Bei den Wahlen zum ersten Gesamtberliner Parlament am 2. Dezember 1990 errang Dieter Pavlik in Berlin-Pankow das Direktmandat mit den meisten Erststimmen aller 36 SPD-Direktmandate in Berlin und blieb bis Anfang 1996 Abgeordneter. Da das Schulressort an die CDU ging, die auch mit Jürgen Klemann den Senator stellte, wurde er Vorsitzender des Schulausschusses im Parlament.

Pavlik bekleidete auch einige Führungsfunktionen innerhalb der Partei. Er war jedoch kein Parteipolitiker. Seine Hauptaufgabe sah er in der Demokratisierung des vom SED-Filz durchwachsenen Ostberliner Schulsystems sowie der Förderung und Unterstützung demokratischer Lehrer und Erzieher im Übergangsprozess und in der Rehabilitierung der vom DDR-Volksbildungssystem zu Unrecht gemaßregelten Lehrer und Erzieher.

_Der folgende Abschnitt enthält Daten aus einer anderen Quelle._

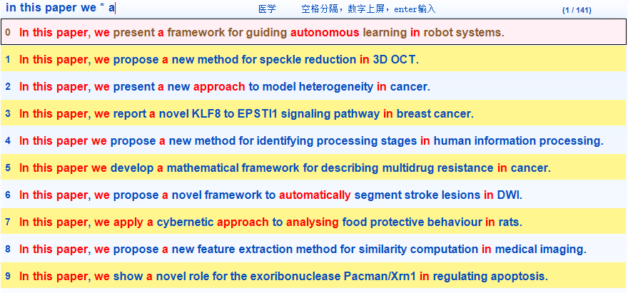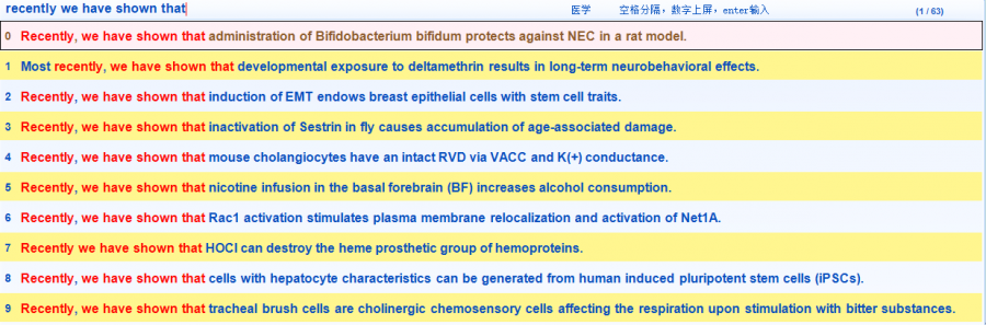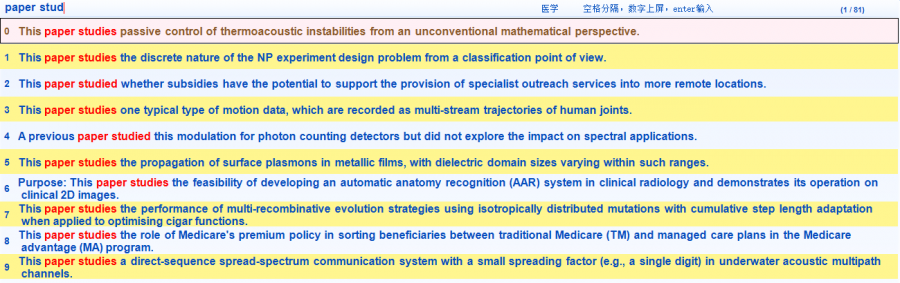 今天给大家介绍一款英文科技论文写作神器——句易英文论文输入法。 句易英文论文输入法是专门为研究生和科技工作者设计的英语科技论文写作辅助软件。 句易英文论文输入法是全球首款支持多单词输入查询例句、一键输出句子的英文输入法,拥有数十亿句地道的英美科技英语句库,支持通配符、字段限定、权重调整等高级检索,精准查找例句。 使用这款句易英文论文输入法,只要会拼写单词,就能轻轻松松写出地道的学术英语句子,英文论文写作效率大大提升。 大家在写英文论文时,可能会有这样的体验:不知道怎样写句子或不确定词组的搭配用法时,会去Google Scholar、COCA、Ludwig、Linggle、Netspeak等网站搜索相关例句和用法。但是,这是一项非常费时费力的工作,为了查找和改写例句,需要反复在Google Scholar等网站和word之间切换奔波,效率非常低。 句易英文论文输入法完全不需要来回切换,因为它是输入法,可以直接在word中使用! 只要输入几个关键单词,就能得到海量英文例句作为参考,选择最有用的例句(也可直接根据例句改写句子),一键输出句子到word。 使用句易输入法,可以访问“句易数据”官网(www.scijuyi.com),在首页点击“下载句易输入法”进行下载。也可以使用网页版体验,但没有输入法方便好用。 句易英文论文输入法安装文件不大,3M多。下载后进行安装。因为需要在系统中安装输入法,Windows系统防火墙和用户账户控制会提示是否允许修改输入法设置,选择是和允许就可以了。 在安装过程中会提示选择句库,包含有医学、生命科学、数学电子计算机、物理学、化学材料、环境食品农林渔、机械自动化与建筑、地球科学与地理学、工程技术等句库,选择一个你所需的句库就可以了。 安装过程中,可以对按键进行设置。默认是空格键分隔单词、数字键上屏、Enter键直接输入。 安装完后,用微信扫码登录就可以使用了。 在没有登录句易英文论文输入法之前,输入法悬浮窗口显示为“请登录” 点击“请登录”,自动跳转到登录网页,使用微信扫描二维码进行登录。 扫描成功后,在您的微信上会显示: 并且您的句易输入法会显示已登录状态: 输入法悬浮窗中“句”代表句易英文论文输入法状态,如果“句”变成“E”代表纯英文输入状态,可以用Shift键切换。 现在可以使用句易英文论文输入法了! 先来看看最基本的功能,下面以“医学”句库为例。 我们在写论文时,经常要写一个句子“本论文研究了……”,你只需在句易输入法中输入paper stud(最后一个单词study可以不输全),就可以得到相关的例句(翻页可以查看更多结果): 如果你认为序号为2的例句对你有参考价值,按下数字键“2”,这一句“This paper studied whether subsidies have the potential to support the provision of specialist outreach services into more remote locations.”就会输入到您正在使用的文字编辑软件中(Word、WPS、记事本等)。你可以参考一个或多个例句,对其进行改写,直到写出符合你论文的、真正属于你的句子。 你也可以继续输入单词,直到写出满意的句子,然后按enter键,将句子输入到Word等文字编辑软件中。 句易英文论文输入法还有一个很贴心的功能:记忆上一次输入并选择了例句的单词或词组。 例如,我们输入recently we have shown that 只要我们选择了任何一句例句。在我们下一次输入任何一个字母时,输入法悬浮框就会显示一行小字“recently we have shown that”,即前一次输入的词组。 只要我们用鼠标点击“recently we have shown that”,就会出现上次检索结果。 句易输入法还有一些更高级的用法,例如:支持通配符、字段限定、权重调整。 使用*表示通配符。(注意:*与单词之间需要用空格分隔,且不能以*号结尾) 例如,在写论文中,我们经常会写这样一个句子:在本文中,我们介绍/描述/报道/提出/证实/讨论了一个...... 那么,介绍/描述/报道/提出/证实/讨论 应该用什么单词呢?我们可以在输入法中输入:in this paper we * a 多翻几页,就可以知道常用的句型有: In this paper we present a…… In this paper we propose a…… In this paper we report a…… In this paper we develop a…… In this paper we show a…… In this paper we introduce a…… In this paper we describe a…… In this paper we validate a…… In this paper we discuss a…… 用引号可以对字段进行限定查询。例如,您想查询used the method,您可以输入:”used the method。返回的结果将严格按照单词顺序,排除the method was used这类例句。 增加权重。在输入单词前加上^字符,可以增加此单词的权重,查询结果将优先返回包含更多此单词的例句。 句易英文论文输入法具有三大优点。 第一,只要输入单词就可以输出例句,支持多种高级查询方式,更精准查找例句。 第二,一键输出例句到word等文字编辑软件。 第三,例句都是经挑选过的比较地道的英美学术英语例句,可放心作为模版改写和模仿。 目前,句易输入法登录后可以免费使用100句。但是,可以通过转发微信朋友圈,增加免费使用次数,基本上可以免费使用到写完一两篇SCI论文。当然,长期使用可以充值。目前包年活动优惠价是19元/年(原价120元/年)。 |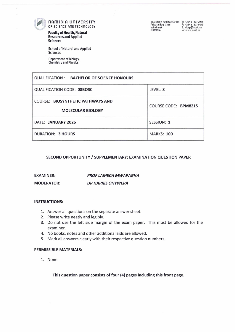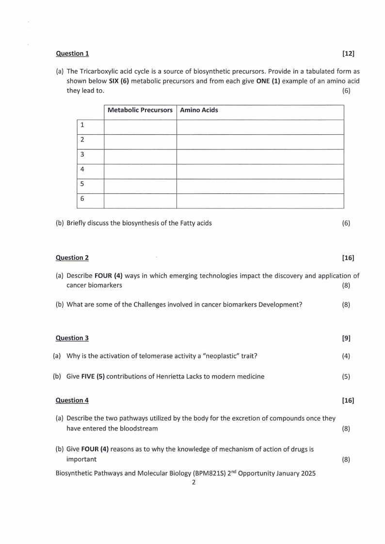 Biosynthetic Pathways and Molecular Biology (BPM821S) 2nd Opportunity January 2025

Nach seinem Ausscheiden aus dem Parlament war Pavlik seit 1996 als Lehrer für Politische Weltkunde am Abendgymnasium Prenzlauer Berg tätig. Dorthin war er bereits 1992 nach dem Ende seiner Amtszeit als Stadtrat mit einer Teilstelle zurückgekehrt. Aus gesundheitlichen Gründen ging Pavlik Ende 1998 in den Ruhestand. Wegen politischer Meinungsverschiedenheiten mit seinem Kreisverband trat Dieter Pavlik im Herbst 1999 aus der SPD aus.